Willie Nelson, Merle Haggard coming to Roanoke - Roanoke Times: Music


----------



## Maine-Marine (Mar 7, 2014)

CWOLDOJAX said:


> Not yet ...


My stupid cousin GOT ME...


----------



## Maine-Marine (Mar 7, 2014)

you know the old say "you have to get up pretty early to fool me" well My cousin was up before me this morning...


----------



## CWOLDOJAX (Sep 5, 2013)

LOL - Sometimes I am too trusting also.


----------



## Jakthesoldier (Feb 1, 2015)

Wait... our resident bible thumper just "immortalized" a pot smoking, drunk, drugged out, liberal, hippy?


----------



## AquaHull (Jun 10, 2012)




----------



## AquaHull (Jun 10, 2012)




----------



## Mish (Nov 5, 2013)

celebrity death hoax


----------



## Mish (Nov 5, 2013)

Maine-Marine said:


> you know the old say "you have to get up pretty early to fool me" well My cousin was up before me this morning...


He's the snitch!!! lol You can't fool us with your bible thumping ways anymore!! LOL


----------



## Slippy (Nov 14, 2013)

After reading the Titles of the Threads this morning, Slippy looks around for an ice pick to jam into his eyes...


----------



## Mish (Nov 5, 2013)

Slippy said:


> After reading the Titles of the Threads this morning, Slippy looks around for an ice pick to jam into his eyes...


----------



## 7052 (Jul 1, 2014)

> Chuck Sweeny: Just because you saw it on the Internet doesn't mean it's true - News - Rockford Register Star - Rockford, IL


Just an FYI...
While Chuck Sweeny is USUALLY OK, I *STRONGLY* recommend against quoting ANYTHING from the Rockford Register Star, or as it's known around these parts (I'm a native) the "Rockford Red star". That "newspaper" isn't even suitable for the bottom of a birdcage since it already full of shit the moment it's printed. lol


----------



## Slippy (Nov 14, 2013)

Egyas said:


> Just an FYI...
> While Chuck Sweeny is USUALLY OK, I *STROGLY* recommend against quoting ANYTHING from the Rockford Register Star, or as it's known around these parts (I'm a native) the "Rockford Red star". That "newspaper" isn't even suitable for the bottom of a birdcage since it already full of shit the moment it's printed. lol


The best things to come out of Rockford, IL is Estwing Tools!


----------



## Maine-Marine (Mar 7, 2014)

Jakthesoldier said:


> Wait... our resident bible thumper just "immortalized" a pot smoking, drunk, drugged out, liberal, hippy?
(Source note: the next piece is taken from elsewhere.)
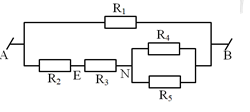 Cho mạch điện như hình vẽ. Biết \({R_1} = {R_5} = 6\,\,\Omega ;\,\,{R_2} = {R_4} = 3\,\,\Omega ;\,\,{R_3} =

I guess my walk with Jesus really bothers you if you think it is EVIL or some how a sin for me to have liked Willie nelson...

do you hate all Christians or just the ones that actually defend their faith


----------



## Mish (Nov 5, 2013)

MM, I think he's just poking fun. =)


----------



## Arklatex (May 24, 2014)

Here we go again.


----------



## Maine-Marine (Mar 7, 2014)

Jakthesoldier said:


> Wait... our resident bible thumper just "immortalized" a pot smoking, drunk, drugged out, liberal, hippy?


but notice I posted him doing a Christian song... 
and for your knowledge - i was once a pot smoking, drugged out, democrat, hippy...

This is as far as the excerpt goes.